While the emphasis for training was on accomplishing METL skills, much of the planning focused on COVID-19 considerations, and how to keep Soldiers safe while complying with Department of Defense (DoD) and Centers for Disease Control and Prevention (CDC) guidance.

“Our Soldiers come from all over the state,” said Lambruno. “We have individual units of the 201st in Elkins, Morgantown, Lewisburg, Fairmont, and Kingwood, who are all here at Camp Dawson training together. The last thing we want is for Soldiers to get sick here, then endanger their families and communities when they get back home.”

That meant planning for increased berthing, feeding restrictions, and ensuring adequate supplies of masks and hand sanitizer.

“Where you would normally request berthing for 300, you now have to request for 600 in order for Soldiers to maintain proper social distances while sleeping,” said Shamblin. “Water buffaloes (water tank trailers) have to be sanitized every 30 minutes for proper use, and staggered chow times and alternate feeding options are needed to keep large numbers of Soldiers from eating together.

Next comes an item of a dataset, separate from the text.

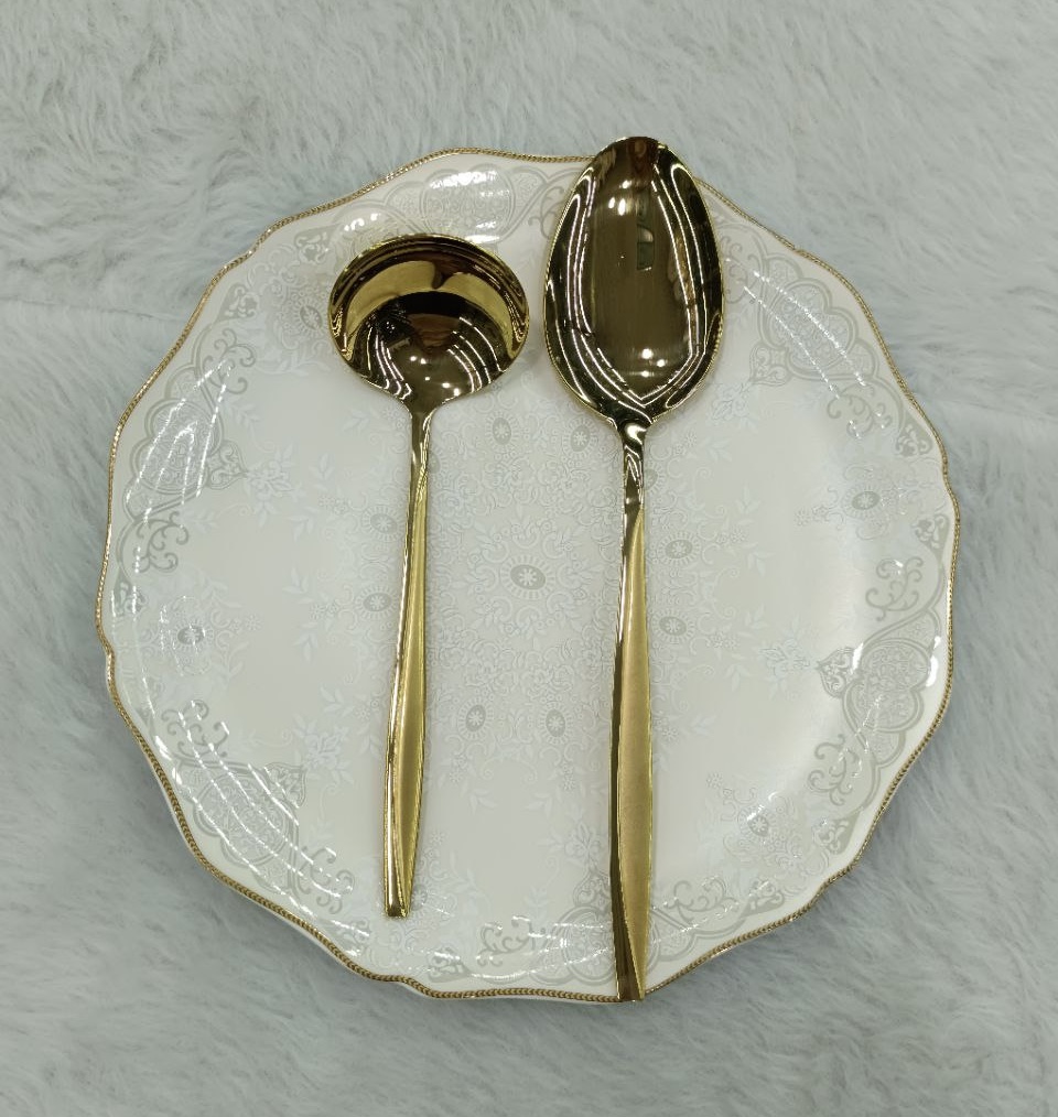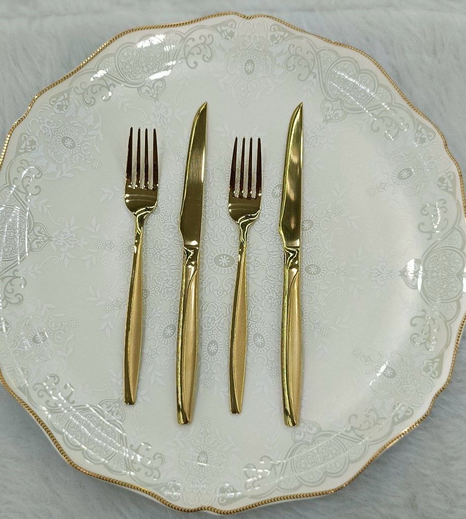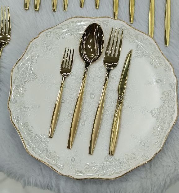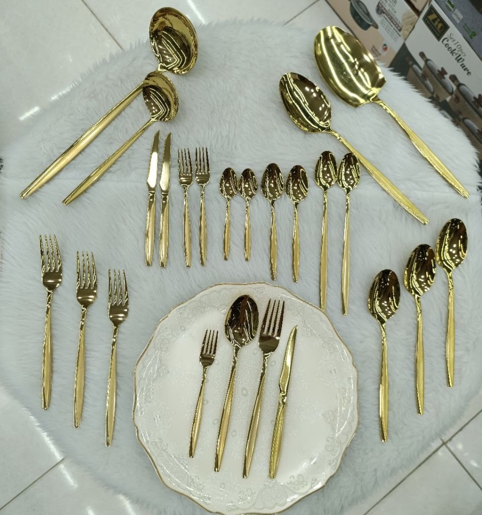 سرویس قاشق چنگال یونیک 24 نفره 120 پارچه مدل ماینز طلایی شامل:

“We also had to think through and plan for detailed courses of action for contingencies, such as active medical monitoring while in the field, if a Soldier becomes sick how to isolate that individual, etc., and how those efforts impact overall readiness and mission potential,” Shamblin said. “All this while still keeping in mind regular threats to Soldiers such as heat stress and normal operational hazards.”

Even with the extra concerns of the pandemic, settling back into regular military training is beneficial to Soldiers and families.

“Being able to be back is a great thing,” said Lambruno. “Re-engaging with our military family can provide an extra level of support and a sense of normalcy for our Soldiers, which can help reduce stress from outside world situations. It gives us the opportunity to concentrate and focus solely on the mission for a bit. We also have Soldiers who need the income that drills and time in uniform provides.”